0:     store = TCPStore(master_addr, master_port, world_size, start_daemon, timeout)
0: RuntimeError: Address already in use

and the second error is from torch.distributed.broadcast with error

0: torch.distributed.broadcast(seeds_tensor, 0)
0:   File "/opt/conda/lib/python3.7/site-packages/torch/distributed/distributed_c10d.py", line 1039, in broadcast
0:   File "tmp.py", line 13, in <module>
0:     torch.distributed.broadcast(seeds_tensor, 0)
0:   File "/opt/conda/lib/python3.7/site-packages/torch/distributed/distributed_c10d.py", line 1039, in broadcast
0:     work = default_pg.broadcast([tensor], opts)
0: RuntimeError: NCCL error in: /opt/conda/conda-bld/pytorch_1616554786529/work/torch/lib/c10d/ProcessGroupNCCL.cpp:825, invalid usage, NCCL version 2.7.8
0: ncclInvalidUsage: This usually reflects invalid usage of NCCL library (such as too many async ops, too many collectives at once, mixing streams in a group, etc).

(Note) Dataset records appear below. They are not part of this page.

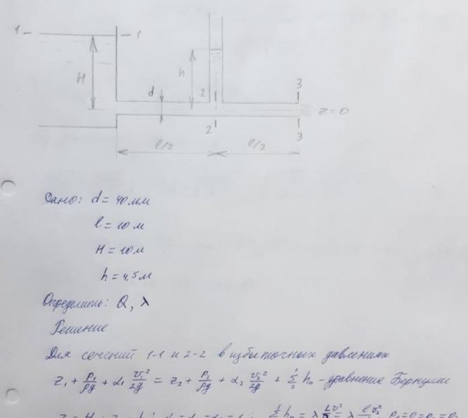 При истечении воды из большого резервуара в атмосферу по горизонтальной трубе, диаметр которой d = 40 мм и длина l = 10м, при статическом напоре Н = 10 м получено, что уровень в пьезометре, установленном по середине длины трубы, h = 4,5 м. Определить расход Q и коэффициент сопротивления трения трубы. Сопротивлением входа в трубу пренебречь. Ответ. Q = 5,5 л/с; λ= 0,036..
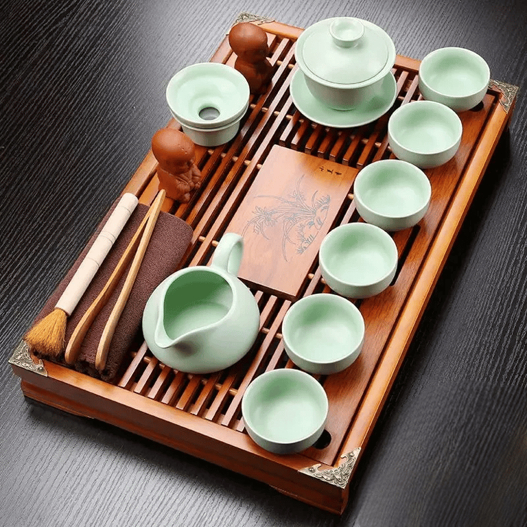 Ceramic Yixing tea set with a wooden tray. Luxurious Yixing tea set with a bamboo tray. It contains everything for a traditional tea ceremony. High-quality ceramic, an intricate design, and a premium feel in every sip of tea.
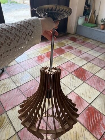- Material: təbii ağac lamellər, metal asqı və tavana bərkidici əsas
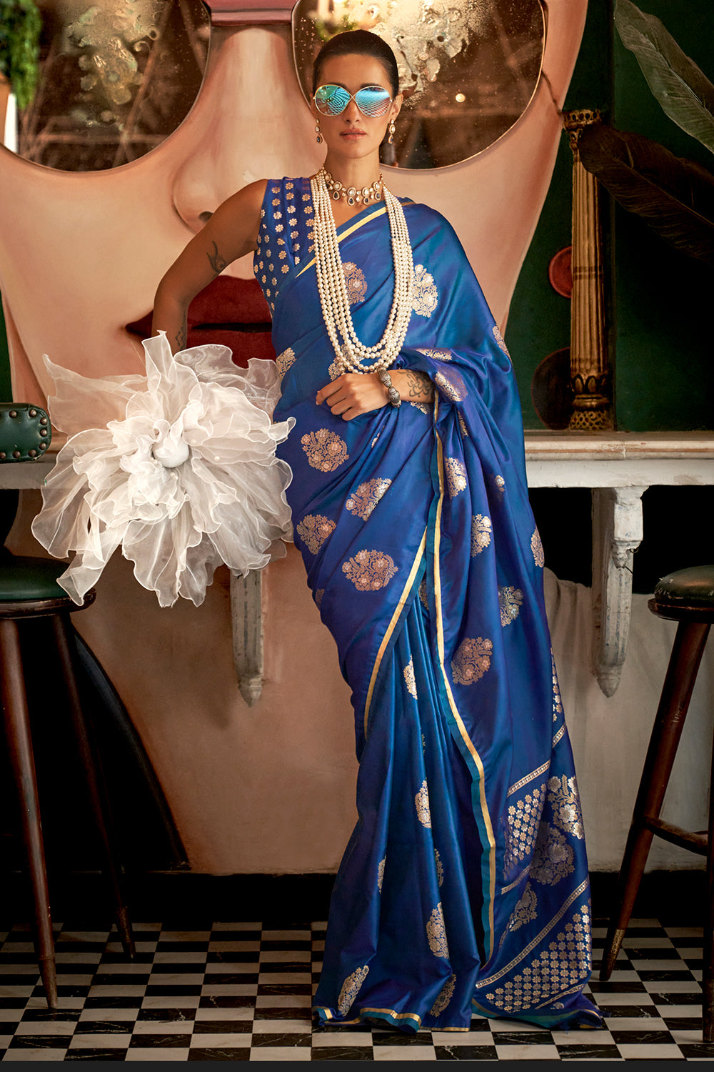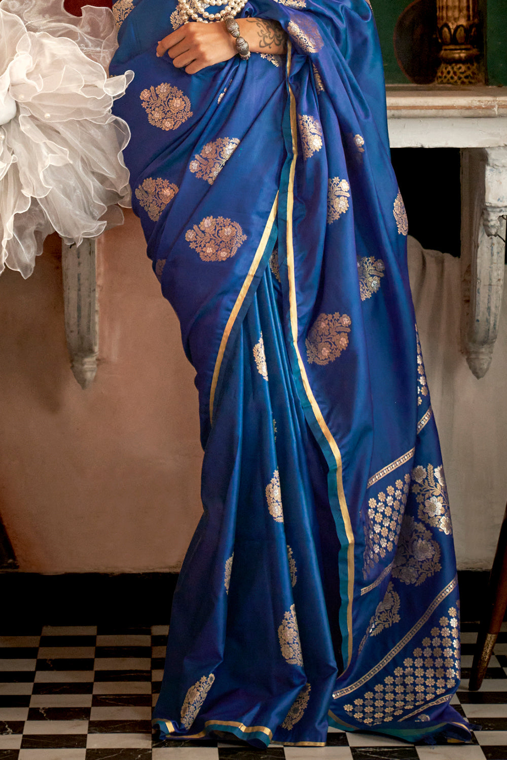 Bark Blue Satin Saree With Pallu And Brocade Blouse
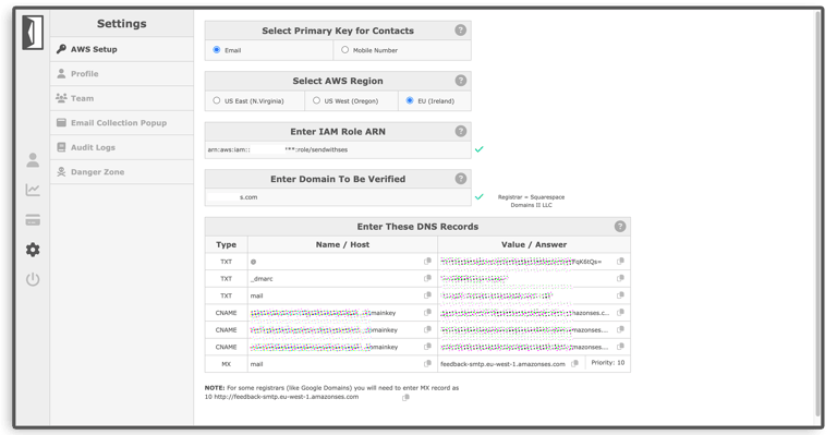 Send With SES makes it easy for you to comply with industry best practices like SPF, DMARC, DKIM so that your emails are delivered to inboxes and not spam folders.
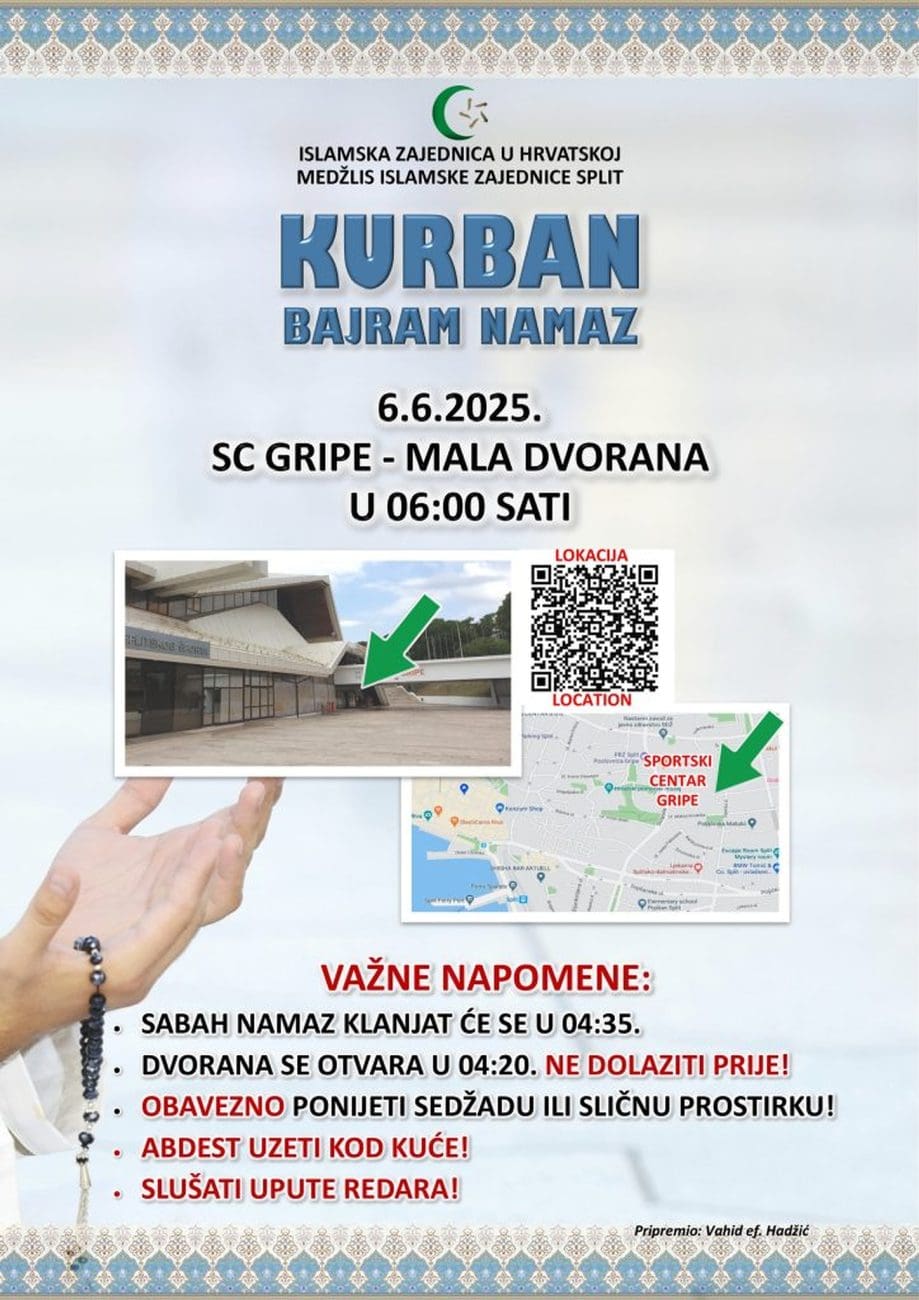 Medžlis Islamske zajednice Split obavještava vjernike da će se povodom Kurban bajrama, najvažnijeg islamskog vjerskog blagdana, zajednički bajram-namaz klanjati u petak, 6. lipnja 2025. godine, u maloj dvorani Sportskog centra Gripe s početkom u 06:00 sati.

Update, only the Address only in use error seem to remain if the last line is replaced with

srun -l --mpi=none --ntasks=2 --ntasks-per-node=2 singularity exec $SLURM_SUBMIT_DIR/PyTorch-1.8.1.sif python -m torch.distributed.launch --use_env tmp.py

Can you also add

print(f"MASTER_ADDR: ${os.environ['MASTER_ADDR']}")
print(f"MASTER_PORT: ${os.environ['MASTER_PORT']}")

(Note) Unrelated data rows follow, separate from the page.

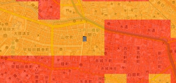 神田川の氾濫浸水区域内に位置し、3m超の浸水可能性が指摘されているので、浸水リスクは非常に大きいです。
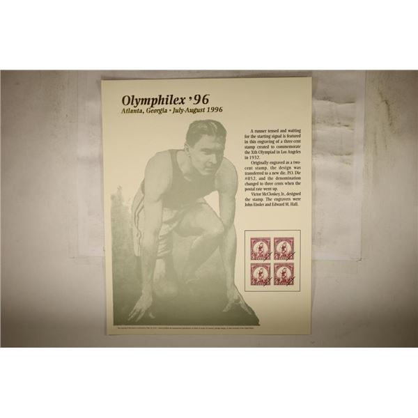 OLYMPHILEX '96 ATLANTA, GEORGIA SOUVENIR CARD
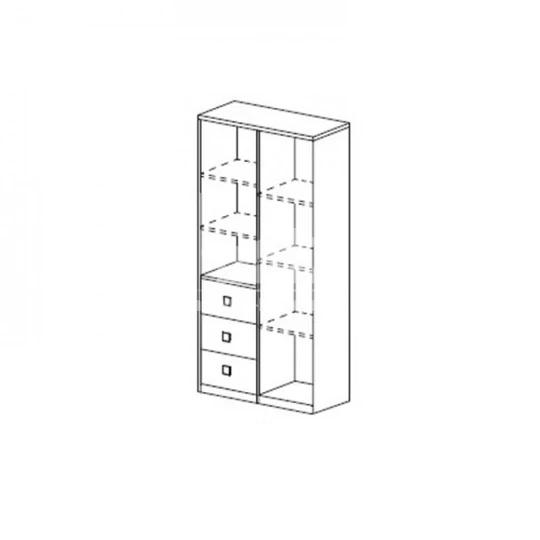 - regál disponuje 3x zásuvkou, 3x otevřené police, 3x uzavřené police
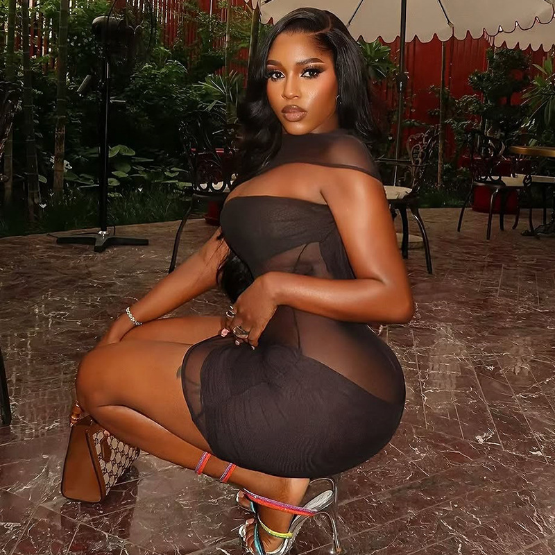 Personality Hipster Women Clothing Sexy See through Slim Hip Skirt Hollow Out Cutout High Collar Solid Color Short Dress
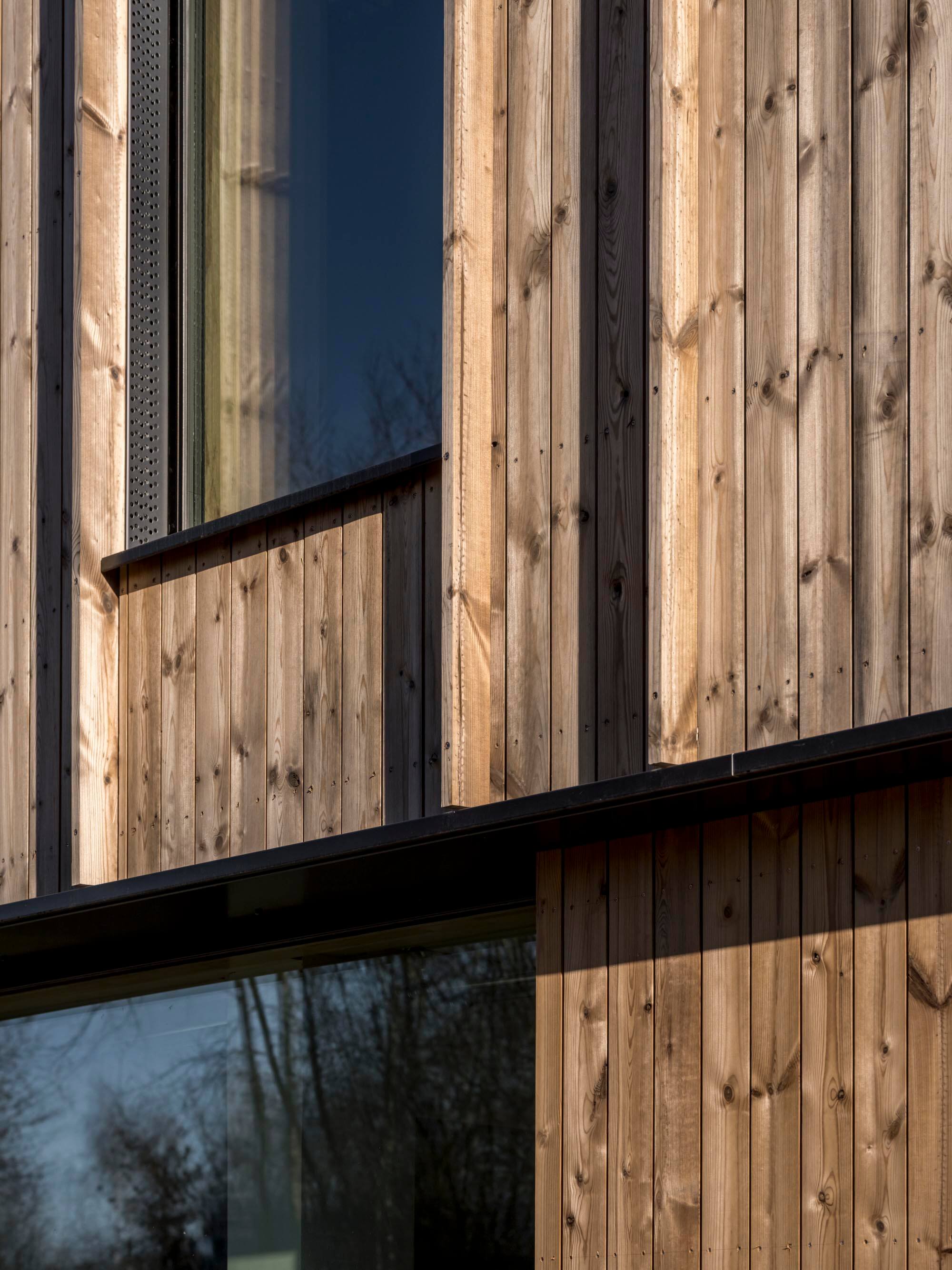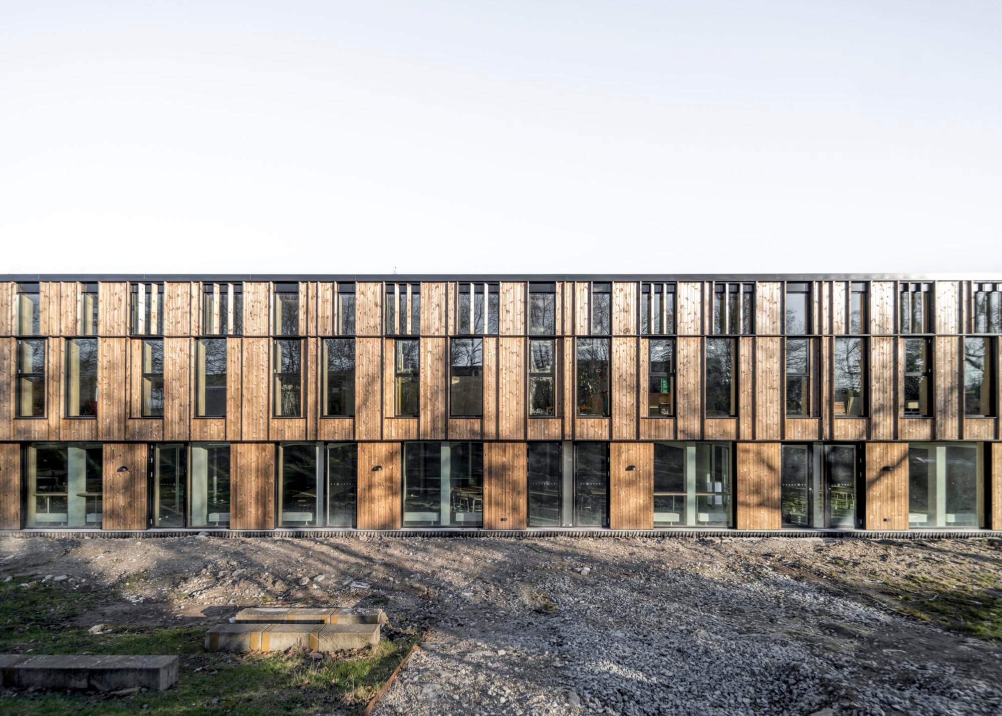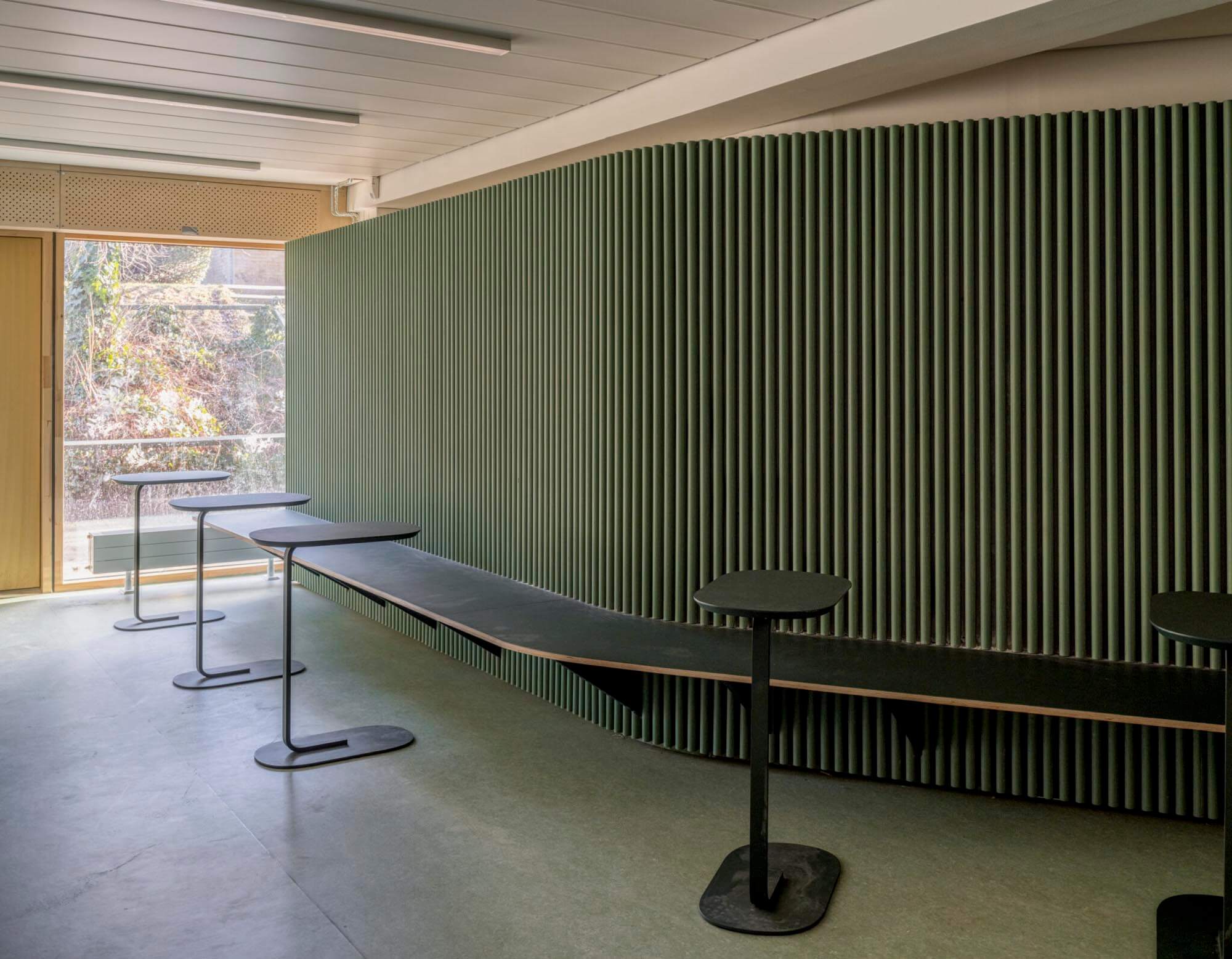 De fleste eksisterende møbler blev omdannet, upcyclet eller direkte genbrugt. Facaden blev også beklædt med resttræ, hvilket understøttede skolens bæredygtige profil.

before torch.distributed.init_process_group("nccl"), that may give some insight into what endpoint is being used. Once you verify the address and port, then check that there is not a process currently using that address/port combo, you can try instantiating a TCPStore via python command line, to verify that it works. It is likely a port conflict based on what you set your port number to be in the environment variables.